“The principle that a child should have as much contact as possible with each parent remains a part of the court’s best interests considerations. However, the Divorce Act’s previous reference, in the heading to the relevant section, to “maximum” contact has been removed. However, the operative terms in the section remain the same.
Whether “as much contact as possible” or “maximum”, the notion of ensuring that a child enjoys as much contact with each parent as is consistent with their best interests remains an important consideration for the determination of their parenting time.
The present provision, s. 16(6) states:
Parenting time consistent with best interests of child
(6) In allocating parenting time, the court shall give effect to the principle that a child should have as much time with each spouse as is consistent with the best interests of the child.
The previous provision stated:
Maximum contact
(10) In making an order under this section, the court shall give effect to the principle that a child of the marriage should have as much contact with each spouse as is consistent with the best interests of the child and, for that purpose, shall take into consideration the willingness of the person for whom custody is sought to facilitate such contact.
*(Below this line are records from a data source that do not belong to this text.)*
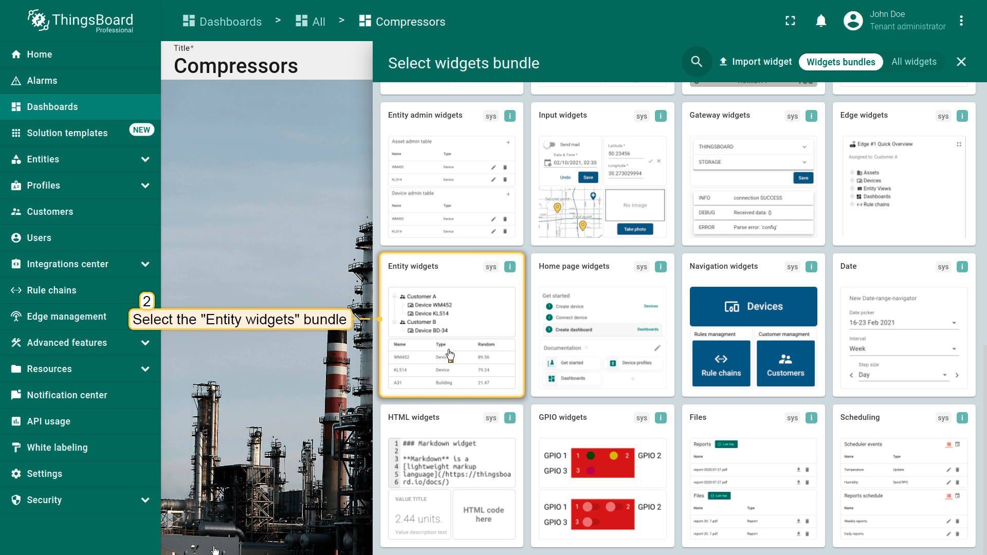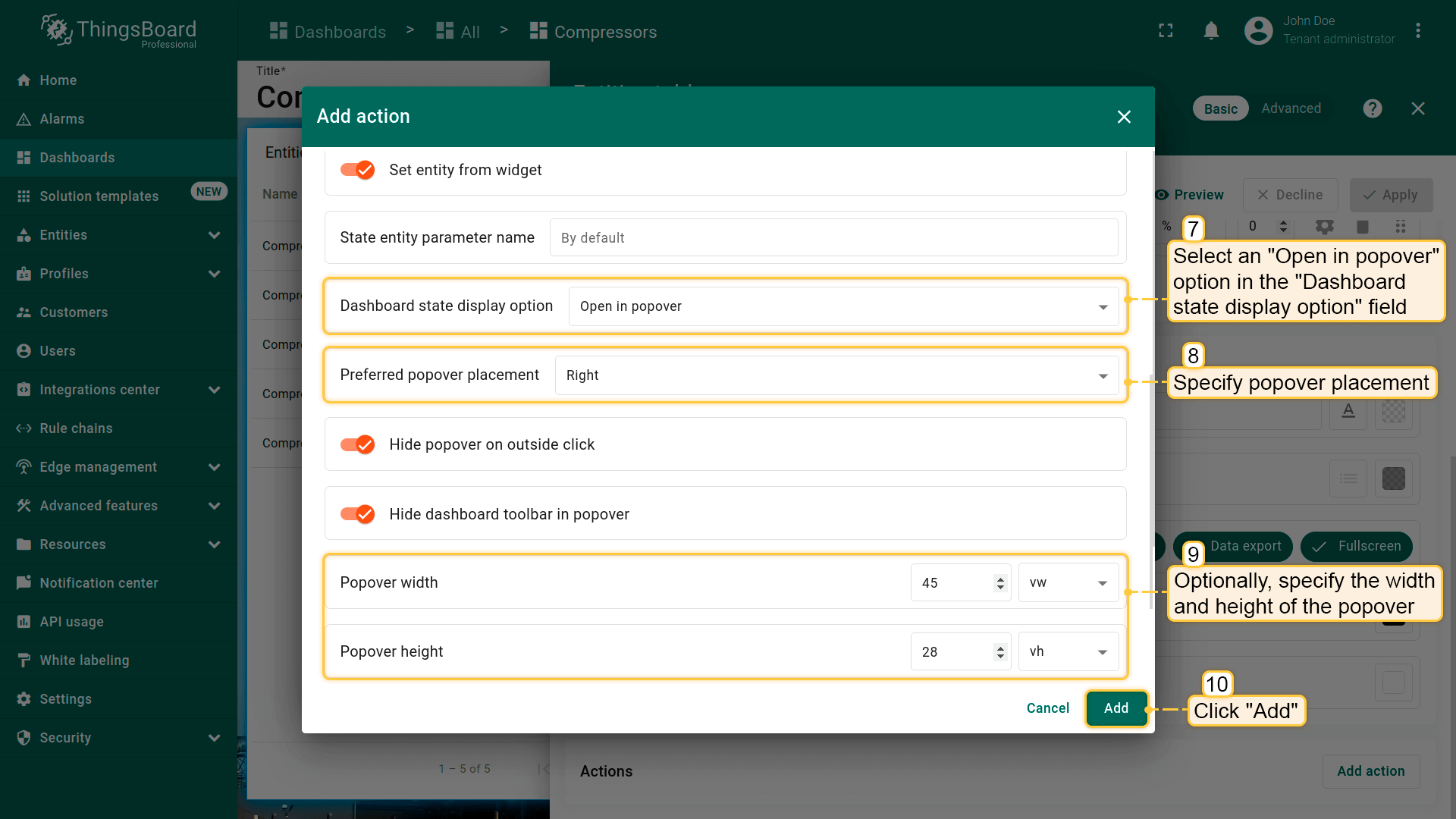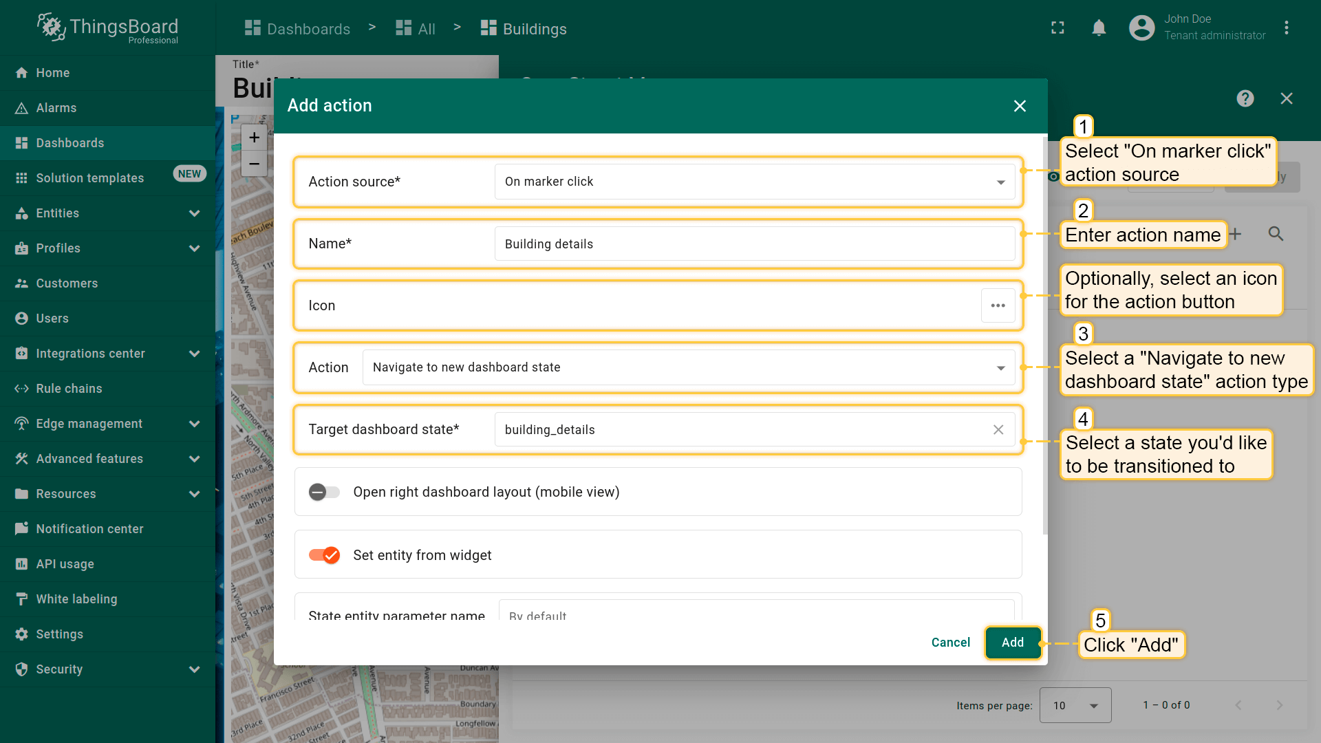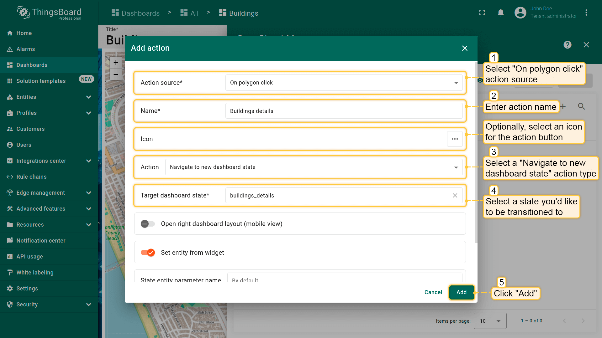 - Select the "Entity from dashboard state" from the "Filter type" field and click "Add";
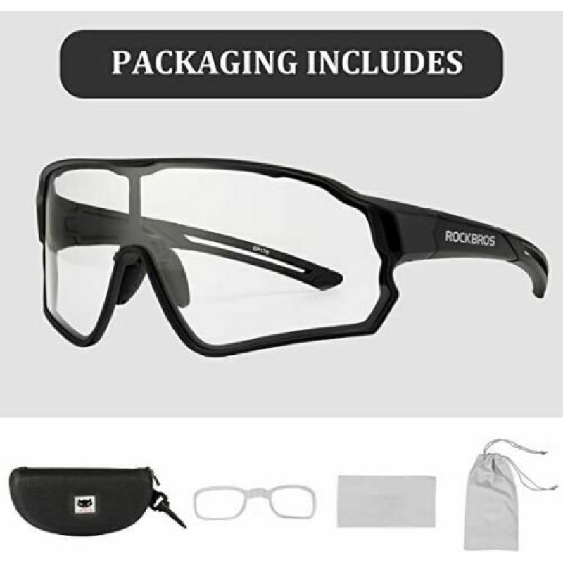 Uniwersalne okulary sportowe marki Rockbros, które świetnie sprawdzą się zarówno do jazdy na rowerze, biegania i innych aktywności sportowych. Dzięki zastosowaniu soczewek fotochromowych, przyciemniają się automatycznie w zależności od warunków oświetlenia.
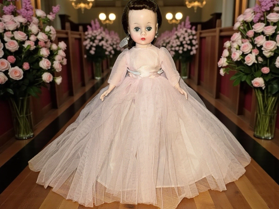 This figure is a smaller bridal themed release that stands out because it shows the variety of roles dolls played in celebrations in mid-century life. The pink bridal attire gives it a look that feels both formal and sweet. Cissette figures were popular because they were compact yet detailed enough to display in a cabinet or shelf. Dolls that stay in original clothing and finish hold higher values because many were dressed and redressed by owners.
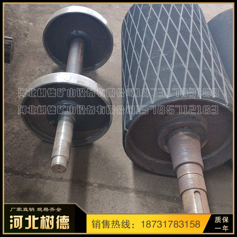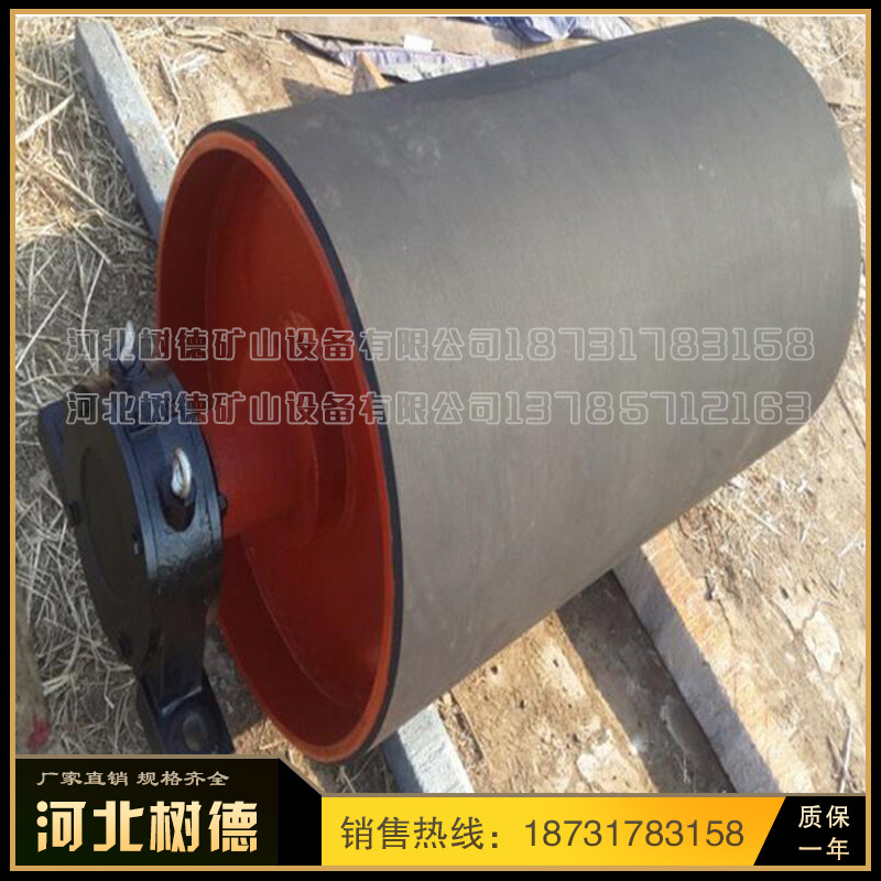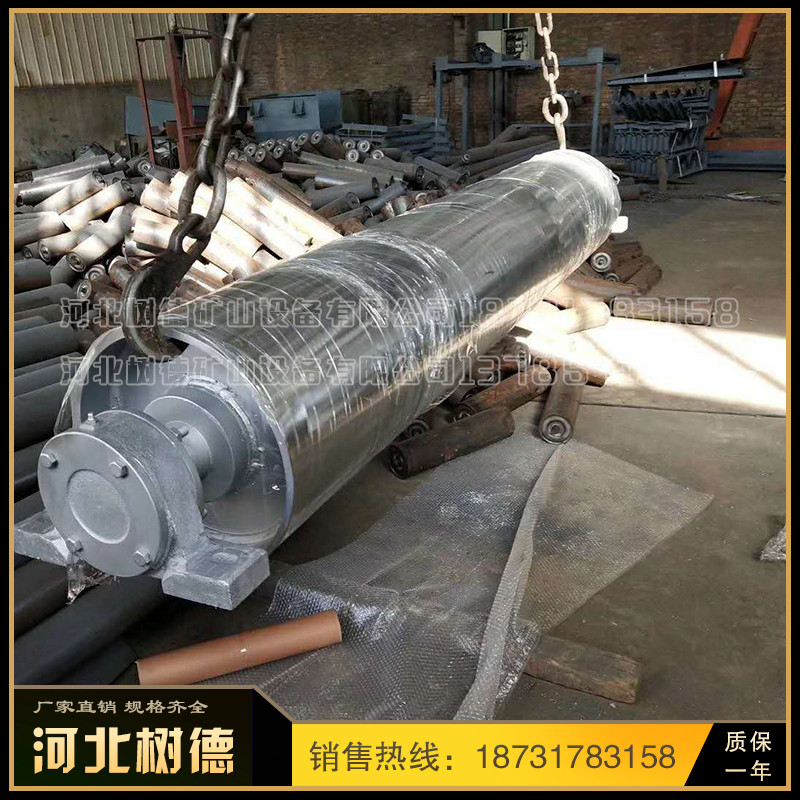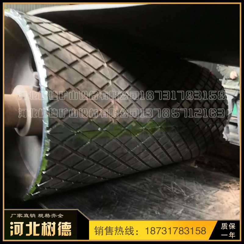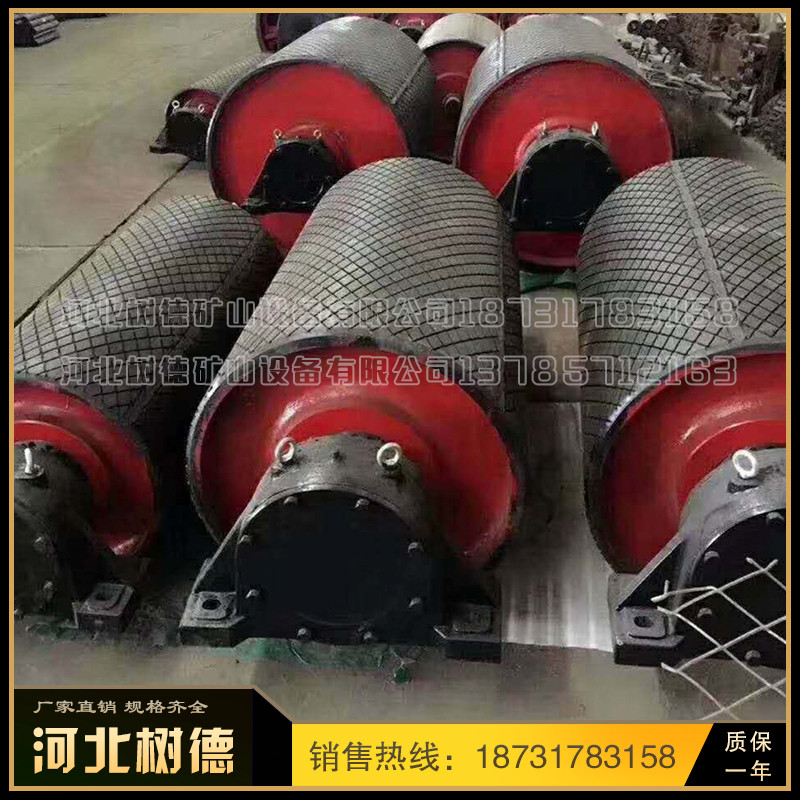 1 、滚筒材质根据用户需要选用碳钢镀锌、镀铬、镀镍、铸胶(包胶)或不锈钢、钢制塑钢等不同材质。 2 、碳钢机身表面处理可根据用户要求选择喷涂、喷塑、烤漆等,不锈钢机身可选择镜面抛光、亚光、喷沙、拉丝等处理。 3、有速度调节要求的用户可选择变频调速或采用无级变速的减速电机。 选型参考: 1 、应首要根据载重量确定选用不同材质和型号的滚筒; 2 、食品行业应优先选择全不锈钢机身和不锈钢滚筒; 3 、一般输送机滚筒顶面高度略低于机身侧面高度,有特殊要求的用户可考虑机身侧面高度高于滚筒顶面高度或高度相同,根据需要可设置侧面挡板、挡边、护栏。 4、 用户在询价和选型时,请尽量提供详细的包括物料名称、料性、包装尺寸、机器材质、大致尺寸、速度和输送量等要求。 传动滚筒是输送机传递动力的部件。传动滚筒表面有裸露光钢面,人字形和菱形花纹橡胶覆面。小功率、小带宽及环境干燥时可采用裸露光钢面。人字形花纹胶面摩擦系数大,防滑性和排水性好,但有方向性。菱形胶面用于双向运行的输送机。 传动滚筒 (transmission drum) 传动滚筒是带式输送机传递动力的主要部件,其驱动带式输送机的方式有单滚筒、双滚筒及多滚筒之分。单滚筒多用于功率不太大的输送机上,如煤矿地面运输及选煤厂等处。井下带式输送机一般均采用双滚筒,以使输送机结构紧凑。

Whether this change in the heading is merely semantic remains a point to be argued. The point was not raised before me. However, I note that in Rigillio v Rigillio, 2019 ONCA 548, the Court of Appeal for Ontario found that a court’s failure to advert to what was then the maximum contact principle represented an error in law. Any judge who departs from the principle must provide reasons for doing so. Implicit in that principle is the notion that those reasons must be in a child’s best interests.
Despite the changed wording of the heading and any potential implications, it remains necessary for any court making a parenting decision to avert to the s. 16(6) principle.”